Publikationsdatenbank

Towards an automated surveillance of well-being in mice using deep learning (2019)

Art

Vortrag

Autoren

Andresen, Niek

Wöllhaf, Manuel

Hohlbaum, Katharina (WE 11)

Lewejohann, Lars (WE 11)

Hellwig, Olaf

Thöne-Reineke, Christa (WE 11)

Belik, Vitaly (WE 16)

Kongress

19th Annual Congress of EUSAAT

Linz, Österreich, 10. – 13.10.2019

Quelle

ALTEX proceedings

Bandzählung: 8

Heftzählung: 1

Seiten: 3

ISSN: 2194-0479

Sprache

Englisch

Verweise

URL (Volltext): http://www.altex.ch/resources/altex_Linz2019_full.pdf

Kontakt

Institut für Veterinär-Epidemiologie und Biometrie

Königsweg 67
14163 Berlin
+49 30 838 56034
epi@vetmed.fu-berlin.de

Abstract / Zusammenfassung

Appropriate refinement methods can only be applied if we are aware that well-being of an animal is compromised [1]. Therefore, tools to assess pain, suffering, and distress in laboratory animals are highly demanded. In recent years, coding systems to analyze the facial expressions of pain were developed for various animal species, for instance for mice, the most commonly used laboratory animals. The so-called Mouse Grimace Scale (MGS) is accurate and reliable [2]. It became a valuable tool for assessing the well-being of mice. However, the use of the MGS is very time-consuming because humans must be thoroughly trained. Moreover, someone must be present and generate live scores. The presence of a human is disadvantageous for well-being assessment
since mice are prey animals and often hide signs of weakness, injury, and pain in the presence of humans [3]. Another option to use the MGS is to acquire images/videos to be scored retrospectively, which does not necessarily require the presence of humans. If MGS scores are obtained retrospectively and indicate impairment of well-being, there will be no chance to intervene and apply refinement measures at the right moment. Furthermore, the well-being of a mouse can only be assessed during periods in which the animals are monitored and humans evaluate their status.
Taking into account the great effort and limitations of manual MGS scoring, it is decisive to find a way to automatically monitor well-being of a mouse [4]. Since facial expression analysis has been shown to be useful in mice, we focused on facial expression as a first step and aimed to develop an automated facial expression recognition software for mice [4]. For this approach, we used a data set of images of C57BL/6JRj mice, which had been generated in previous experiments after anesthesia (with isoflurane or ketamine/xylazine), and surgery (castration, under isoflurane and meloxicam) [4]. Images were generated in an observation cages (22×29×39 cm, three white walls, one clear wall) [4]. Since mice were moving freely in the observation cage, images contain natural variation regarding perspective and background [4]. On the one hand, this makes data analysis more challenging, but on the other hand our data set reflects realistic conditions as it would be
obtainable without human intervention [4].

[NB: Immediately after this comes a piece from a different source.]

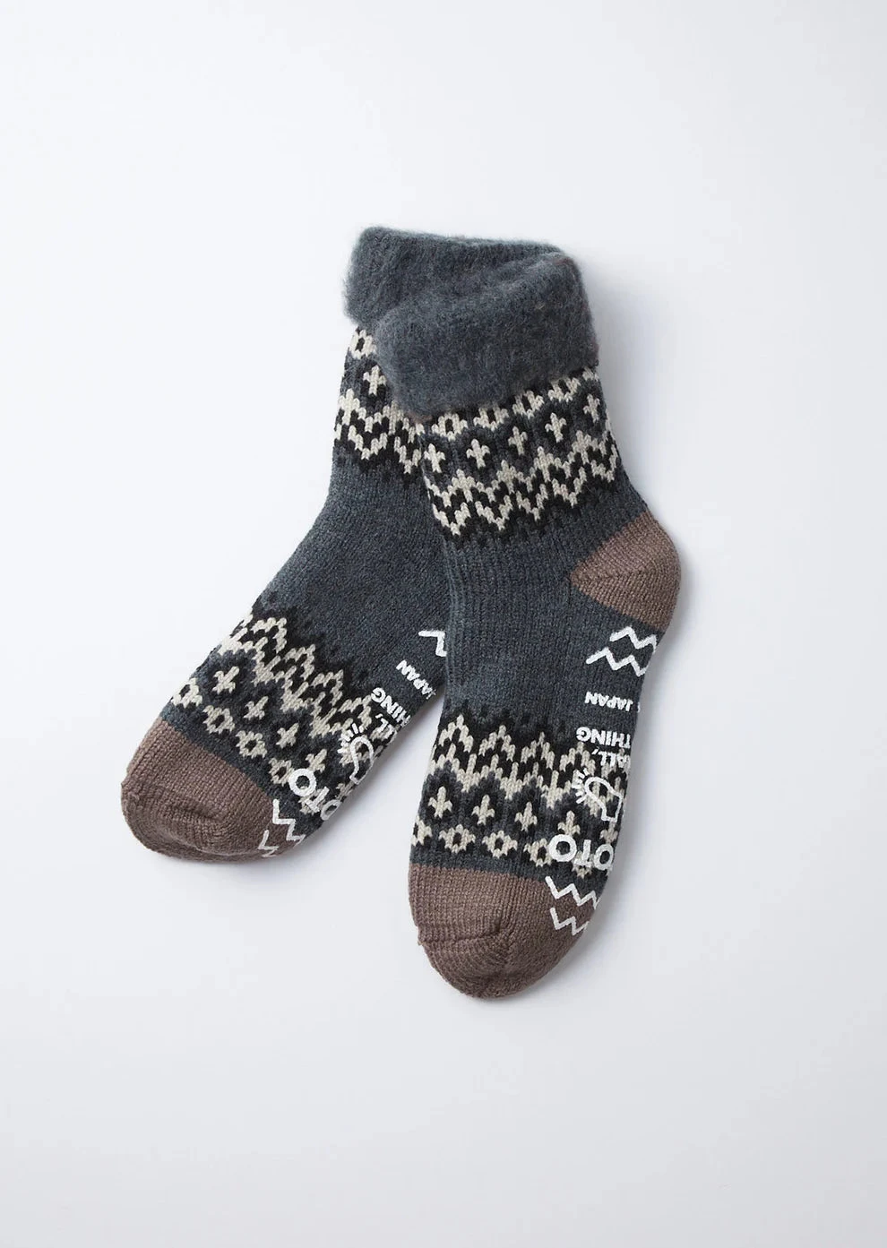 These chunky slipper socks are knitted with a machine specially made to produce fisherman’s socks and other work socks. Made of soft, comfortable and heat-retaining acrylic/wool blend yarn, the fabric enhances the heat-retaining properties even more with a liner that is brushed after being knitted. Featuring an interior elastic band placed a little lower than the sock hem, the pair can be worn also with the hem turned. Slip-resistant rubber print on the sole adds extra functionality to these socks.

Images of the data set were divided into two categories: 1) impaired well-being, 2) unimpaired well-being in order to train a binary classifier [4]. Three convolutional neural network architectures (two pre-trained state of the art deep CNN: ResNet50 and InceptionV3; one CNN without pre-training) were used and achieved an accuracy of up to 99% for the two categories [4]. The result depended on the treatment of the mice. The decision-making process of the CNN architectures was mainly based on the facial expressions of a mouse [4].
Our semi-automated pipeline provides a first step towards the long-term goal to develop a fully automated surveillance (“smart environment”) for mice [4].